---------- Source information ----------

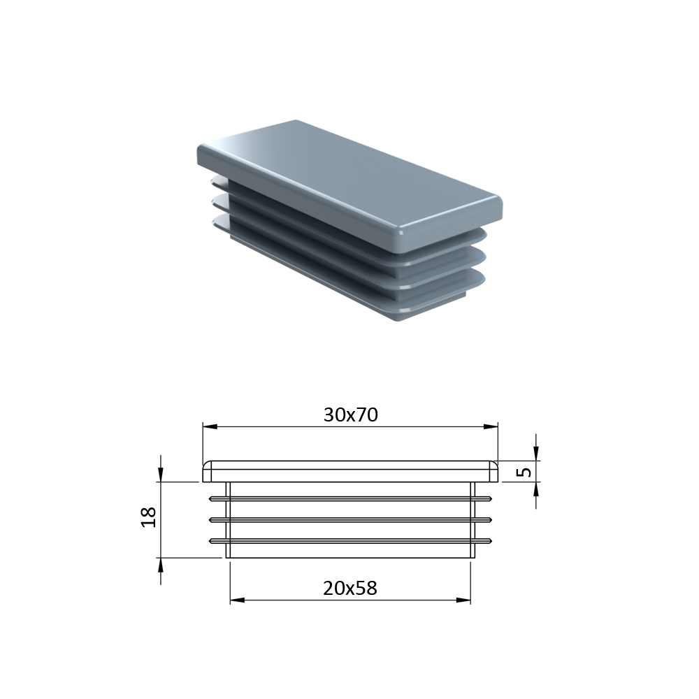 Krytka profilu plastová obdélníková, vnější rozměr 30 x 70 mm. Dodáváme v barvách: černá RAL9005, antracit RAL7016, bílá RAL9010, šedá RAL 7040.
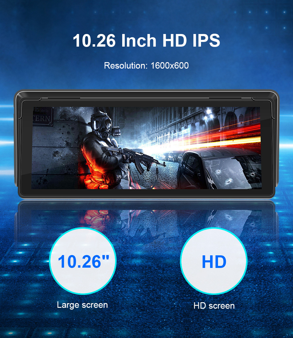 - 10.26 inch HD IPS screen with a resolution of 1600x600.
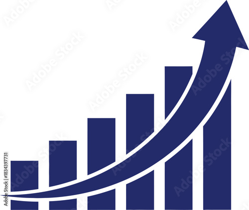 Graph growth vector. Business chart bar and arrow up icon. Diagram of success and graphic of profit, financial progress. Isometric infographic isolated on white background
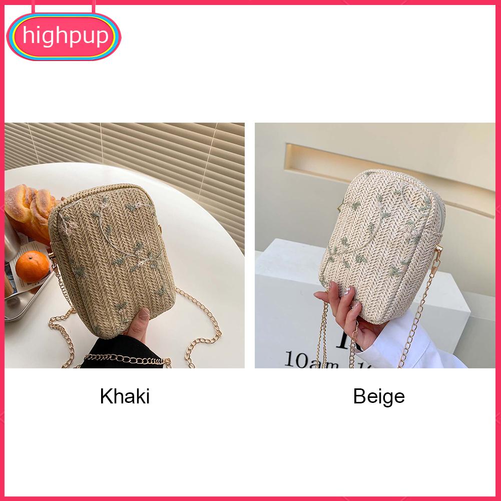 Túi Đeo Chéo Đan Cói Phối Lưới Hình Hoa Nhỏ Đựng Điện Thoại Thời Trang Cho Nữ
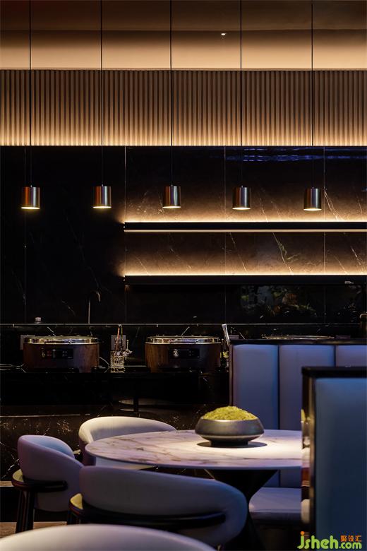 在自助餐廳的設(shè)計(jì)中,通過(guò)音樂(lè)、美食和色系的搭配以此實(shí)現(xiàn)置身度假狀態(tài)般的放松與愉悅,湯泉足道設(shè)計(jì)師為了貼合空間多元化的設(shè)計(jì)核心,強(qiáng)調(diào)休閑愜意的屬性,在流通的布局空間中制造相互對(duì)話的可能,讓眾多設(shè)計(jì)元素交織重組,從而變換出驚喜的空間。
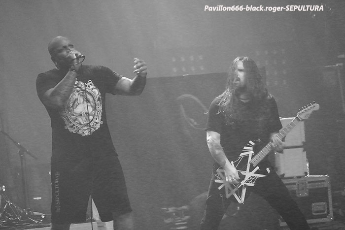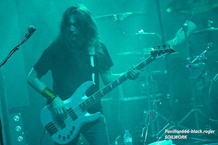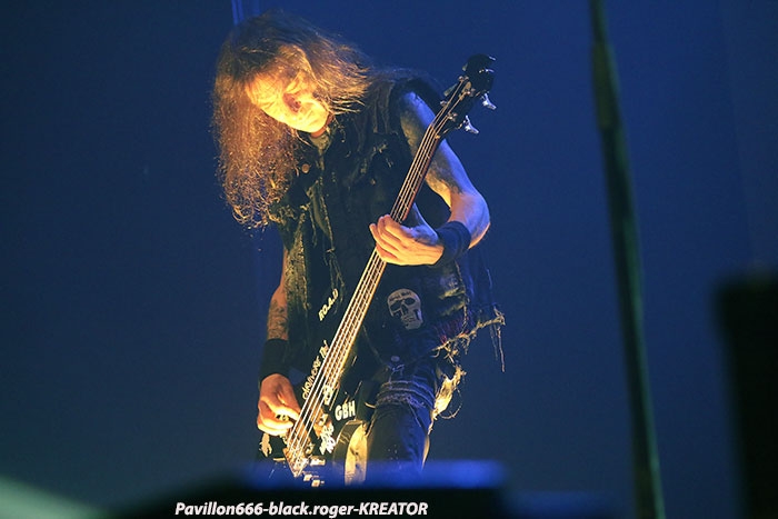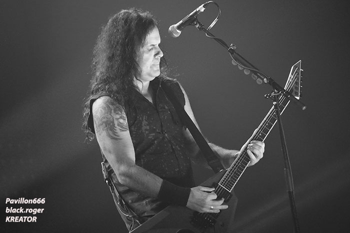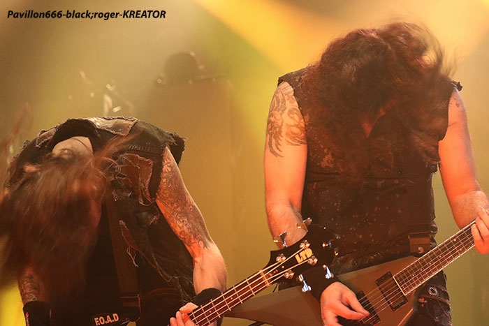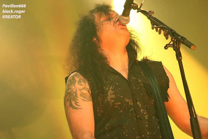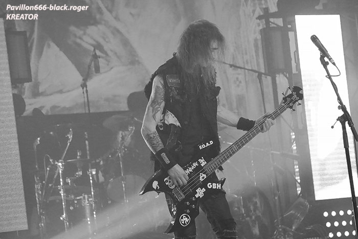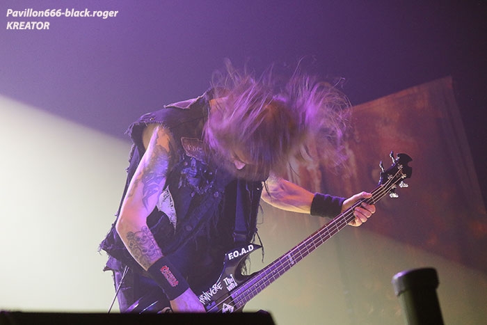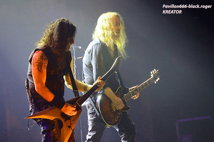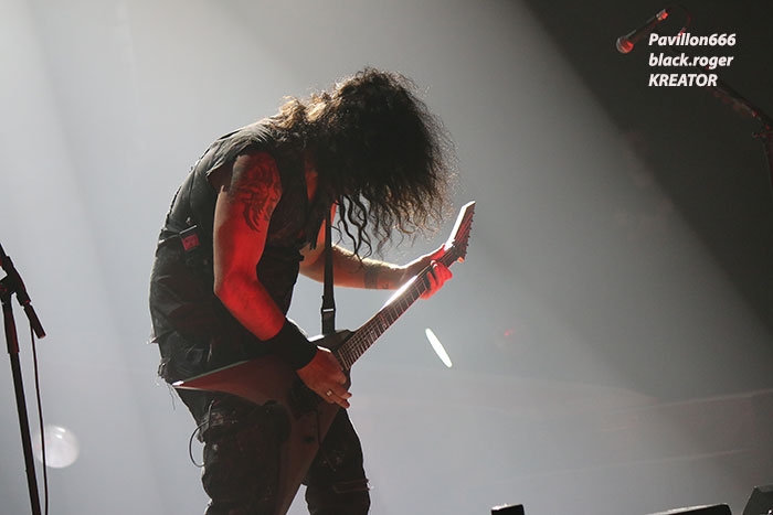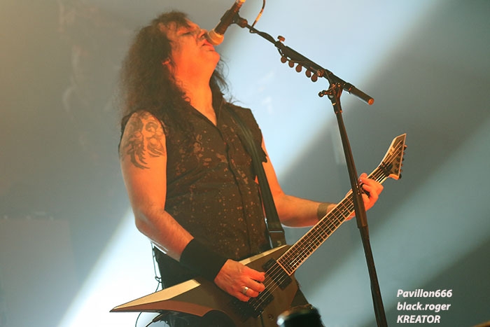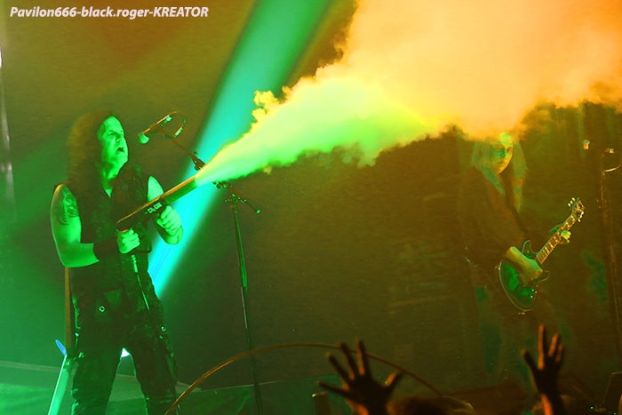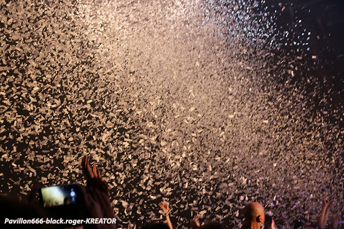 Mais avant il faudra attendre l’heure fatidique d’ouverture des portes à 17heures 45 afin de pouvoir pénétrer dans les lieux et vite se scotcher aux barrières de sécurité car à 18heures 10 le premier groupe d’ouverture, en l’occurrence ABORTED, va lancer le débat dans un brouillard rouge sang c’est le moins que l’on puisse dire pour ces afficionados Belges du brutal death/gore. Pas de « moules-frites » au menu mais de sombres cadavres sur scène en fond d’écran qui accueillent « Svencho » et sa bande. Aborted n’est pas venu ce soir à Grenoble pour enfiler des perles mais pour nous présenter à sa manière son nouveau « méfait » intitulé « retrogore ». Et si après un certain « adoucissement » au milieu d’une carrière de plus de vingt ans d’âge, nos bouchers belges favoris sont rentrés à nouveau dans leur « archaic abattoir » » et sur scène cela se sent, cela se ressent l’ayant déjà constaté pour ma part lors de leur prestation l’an dernier au Metaldays en Slovénie. Ce soir malgré un set assez court, Aborted ne va pas se contenter de « bourriner » avec du grind classique, mais nous faire profiter de compositions où les riffs et soli qui tuent sont techniquement éprouvés, alors nous avons dégusté dans tous les sens du terme, seul reproche les lights bien pauvres (ou leur absence) ce qui sera vrai pour le groupe suivant également. Set-list : divine impediment, cadaverous banquet, meticulous invagination, retrogore, coffin upon coffin, termination redux, bit by bit. Ce groupe qui prend la suite à 19heures n’est autre que SOILWORK de Suède avec une navigation dans les eaux troubles du death mélodique et du thrash, entre agressivité soudaine et voix claires mélancoliques. En vérité Soilwork même après une carrière assez longue et une discographie longue comme le bras se cherche toujours un peu, mais au final nous présente un certain metal reconnaissable entre mille qui a ses fans ultimes n’en déplaise à tous ceux (dont je fais partie) qui n’arrivent pas à adhérer pleinement à leur démarche. Mais rendons à César ce qui est à César, ce soir les Suédois nous ont offert un show très intéressant à tous points de vue, tenue de scène, technique des musiciens et set-list bien formulée, nous n’en demandions pas tant ! Set-list : the ride majestic, nerve, rise above the sentiment, bastard chain, the living infinite, the chainheart machine, two lives worth of reckoning, late for the kill- early for the slaughter, stabbing the drama. Et maintenant laydies & gentlemen voici SEPULTURA « do brasil » avec le géant Derrick, le guitariste Andreas (super amigos), le bassiste Paulo et le jeune prodige Eloy derrière les fûts. Un Sepultura que l’on ne présente plus et qui fait toujours (ou pas) l’unanimité même après le départ des frères Cavalera, max et Igor, mais nous pourrions en discuter durant des lustres. Tout ce que je vois et entends continue à être bon à prendre notamment avec les titres de leur dernier opus en date « machine messiah ». A condition bien entendu d’être ouvert d’esprit car Andreas Kisser a composé du différent, de l’original qu’il faudra peut-être « digérer » par la suite. Alors en attendant, comme ce soir, le soufflé prend (ou prend pas), la set-list nous propose du neuf, mais revient bien vite aux classiques que tout le monde connait et a envie d’écouter en live afin de se remémorer un certain passé disparu à jamais. Moi qui est toujours été un inconditionnel du groupe depuis ses débuts, je dois avouer que ce soir le cœur n’y était pas et j’ai trouvé la prestation de nos amis brésiliens un peu fade à part les effluves d’une batterie monstrueuse, est-ce grave docteur thrash ? Set-list : I am the enemy, phantom self, choke, desperate cry, alethea, sworn oath, inner self, resistant parasites, refuse/resist, arise, ratamahatta, roots bloody roots. Le moment attendu avec impatience semble-t-il par le public, c’est l’arrivée des vétérans du thrash Teuton KREATOR. Une arrivée qui se fait avec l’envoi dans la salle de milliers de rubans, il neige dans le Summum ce soir. Afin de nous présenter son nouvel album « gods of violence » sur scène, la bande à Mille Petrozza a mis les petits plats dans les grands afin de nous offrir durant une heure et trente minutes un show enflammé avec fumée, pyrothechnie à tous les étages, projections violentes en fond d’écran etc, etc… Si Kreator tiens toujours le « haut du pavé » dans le thrash Européen c’est qu’il a su nous cuisiner (sic, Mille) une recette faite de mélodies grinçantes et l’agressivité assumée de ses débuts. Et ça marche, preuve en est ce soir où le quatuor Allemand nous en a mis plein la vue (et les oreilles), la qualité étant toujours d’actualité, présence scénique en bonus, mais jusqu’où vont-il aller après plus de 30ans d’activité ? Pas de risque de monotonie ici, leur thrash passe comme une lettre à la poste, ici monsieur on sait varier les plaisirs, c’est le grand frisson. Du coup le temps a passé trop vite, leur show actuel est tout simplement immanquable, car même après avoir vu et revu ce combo depuis des lustres vous êtes à nouveau surpris dans le bon sens du terme. Je n’irai donc pas par « 4 chemins » en vous disant que ce soir Kreator a démonté le Summum de Grenoble avec une prestation d’anthologie, un régal mes amis métalleux vous ne pourrez pas dire le contraire ! Set-list : hordes of chaos, phobia, satan is real, gods of violence, people of the lie, total death, phantom antichrist, fallen brother, enemy of god, from flood into fire, world war now, hail to the hordes, extreme aggression, civilization collapse, violent revolution, flag of hate, under the guillotine, pleasure to kill. Après ce raz-de-marée métallique de Grenoble du 22 Février 2017, il ne me reste qu’à remercier Metallian Productions pou

----------

_Exercise goal_
Leave out the pictures and reproduce the rest of the records exactly.

_Response area_
 Krytka profilu plastová obdélníková, vnější rozměr 30 x 70 mm. Dodáváme v barvách: černá RAL9005, antracit RAL7016, bílá RAL9010, šedá RAL 7040.
 - 10.26 inch HD IPS screen with a resolution of 1600x600.
 Graph growth vector. Business chart bar and arrow up icon. Diagram of success and graphic of profit, financial progress. Isometric infographic isolated on white background
 Túi Đeo Chéo Đan Cói Phối Lưới Hình Hoa Nhỏ Đựng Điện Thoại Thời Trang Cho Nữ
 在自助餐廳的設(shè)計(jì)中,通過(guò)音樂(lè)、美食和色系的搭配以此實(shí)現(xiàn)置身度假狀態(tài)般的放松與愉悅,湯泉足道設(shè)計(jì)師為了貼合空間多元化的設(shè)計(jì)核心,強(qiáng)調(diào)休閑愜意的屬性,在流通的布局空間中制造相互對(duì)話的可能,讓眾多設(shè)計(jì)元素交織重組,從而變換出驚喜的空間。
 Mais avant il faudra attendre l’heure fatidique d’ouverture des portes à 17heures 45 afin de pouvoir pénétrer dans les lieux et vite se scotcher aux barrières de sécurité car à 18heures 10 le premier groupe d’ouverture, en l’occurrence ABORTED, va lancer le débat dans un brouillard rouge sang c’est le moins que l’on puisse dire pour ces afficionados Belges du brutal death/gore. Pas de « moules-frites » au menu mais de sombres cadavres sur scène en fond d’écran qui accueillent « Svencho » et sa bande. Aborted n’est pas venu ce soir à Grenoble pour enfiler des perles mais pour nous présenter à sa manière son nouveau « méfait » intitulé « retrogore ». Et si après un certain « adoucissement » au milieu d’une carrière de plus de vingt ans d’âge, nos bouchers belges favoris sont rentrés à nouveau dans leur « archaic abattoir » » et sur scène cela se sent, cela se ressent l’ayant déjà constaté pour ma part lors de leur prestation l’an dernier au Metaldays en Slovénie. Ce soir malgré un set assez court, Aborted ne va pas se contenter de « bourriner » avec du grind classique, mais nous faire profiter de compositions où les riffs et soli qui tuent sont techniquement éprouvés, alors nous avons dégusté dans tous les sens du terme, seul reproche les lights bien pauvres (ou leur absence) ce qui sera vrai pour le groupe suivant également. Set-list : divine impediment, cadaverous banquet, meticulous invagination, retrogore, coffin upon coffin, termination redux, bit by bit. Ce groupe qui prend la suite à 19heures n’est autre que SOILWORK de Suède avec une navigation dans les eaux troubles du death mélodique et du thrash, entre agressivité soudaine et voix claires mélancoliques. En vérité Soilwork même après une carrière assez longue et une discographie longue comme le bras se cherche toujours un peu, mais au final nous présente un certain metal reconnaissable entre mille qui a ses fans ultimes n’en déplaise à tous ceux (dont je fais partie) qui n’arrivent pas à adhérer pleinement à leur démarche. Mais rendons à César ce qui est à César, ce soir les Suédois nous ont offert un show très intéressant à tous points de vue, tenue de scène, technique des musiciens et set-list bien formulée, nous n’en demandions pas tant ! Set-list : the ride majestic, nerve, rise above the sentiment, bastard chain, the living infinite, the chainheart machine, two lives worth of reckoning, late for the kill- early for the slaughter, stabbing the drama. Et maintenant laydies & gentlemen voici SEPULTURA « do brasil » avec le géant Derrick, le guitariste Andreas (super amigos), le bassiste Paulo et le jeune prodige Eloy derrière les fûts. Un Sepultura que l’on ne présente plus et qui fait toujours (ou pas) l’unanimité même après le départ des frères Cavalera, max et Igor, mais nous pourrions en discuter durant des lustres. Tout ce que je vois et entends continue à être bon à prendre notamment avec les titres de leur dernier opus en date « machine messiah ». A condition bien entendu d’être ouvert d’esprit car Andreas Kisser a composé du différent, de l’original qu’il faudra peut-être « digérer » par la suite. Alors en attendant, comme ce soir, le soufflé prend (ou prend pas), la set-list nous propose du neuf, mais revient bien vite aux classiques que tout le monde connait et a envie d’écouter en live afin de se remémorer un certain passé disparu à jamais. Moi qui est toujours été un inconditionnel du groupe depuis ses débuts, je dois avouer que ce soir le cœur n’y était pas et j’ai trouvé la prestation de nos amis brésiliens un peu fade à part les effluves d’une batterie monstrueuse, est-ce grave docteur thrash ? Set-list : I am the enemy, phantom self, choke, desperate cry, alethea, sworn oath, inner self, resistant parasites, refuse/resist, arise, ratamahatta, roots bloody roots. Le moment attendu avec impatience semble-t-il par le public, c’est l’arrivée des vétérans du thrash Teuton KREATOR. Une arrivée qui se fait avec l’envoi dans la salle de milliers de rubans, il neige dans le Summum ce soir. Afin de nous présenter son nouvel album « gods of violence » sur scène, la bande à Mille Petrozza a mis les petits plats dans les grands afin de nous offrir durant une heure et trente minutes un show enflammé avec fumée, pyrothechnie à tous les étages, projections violentes en fond d’écran etc, etc… Si Kreator tiens toujours le « haut du pavé » dans le thrash Européen c’est qu’il a su nous cuisiner (sic, Mille) une recette faite de mélodies grinçantes et l’agressivité assumée de ses débuts. Et ça marche, preuve en est ce soir où le quatuor Allemand nous en a mis plein la vue (et les oreilles), la qualité étant toujours d’actualité, présence scénique en bonus, mais jusqu’où vont-il aller après plus de 30ans d’activité ? Pas de risque de monotonie ici, leur thrash passe comme une lettre à la poste, ici monsieur on sait varier les plaisirs, c’est le grand frisson. Du coup le temps a passé trop vite, leur show actuel est tout simplement immanquable, car même après avoir vu et revu ce combo depuis des lustres vous êtes à nouveau surpris dans le bon sens du terme. Je n’irai donc pas par « 4 chemins » en vous disant que ce soir Kreator a démonté le Summum de Grenoble avec une prestation d’anthologie, un régal mes amis métalleux vous ne pourrez pas dire le contraire ! Set-list : hordes of chaos, phobia, satan is real, gods of violence, people of the lie, total death, phantom antichrist, fallen brother, enemy of god, from flood into fire, world war now, hail to the hordes, extreme aggression, civilization collapse, violent revolution, flag of hate, under the guillotine, pleasure to kill. Après ce raz-de-marée métallique de Grenoble du 22 Février 2017, il ne me reste qu’à remercier Metallian Productions pou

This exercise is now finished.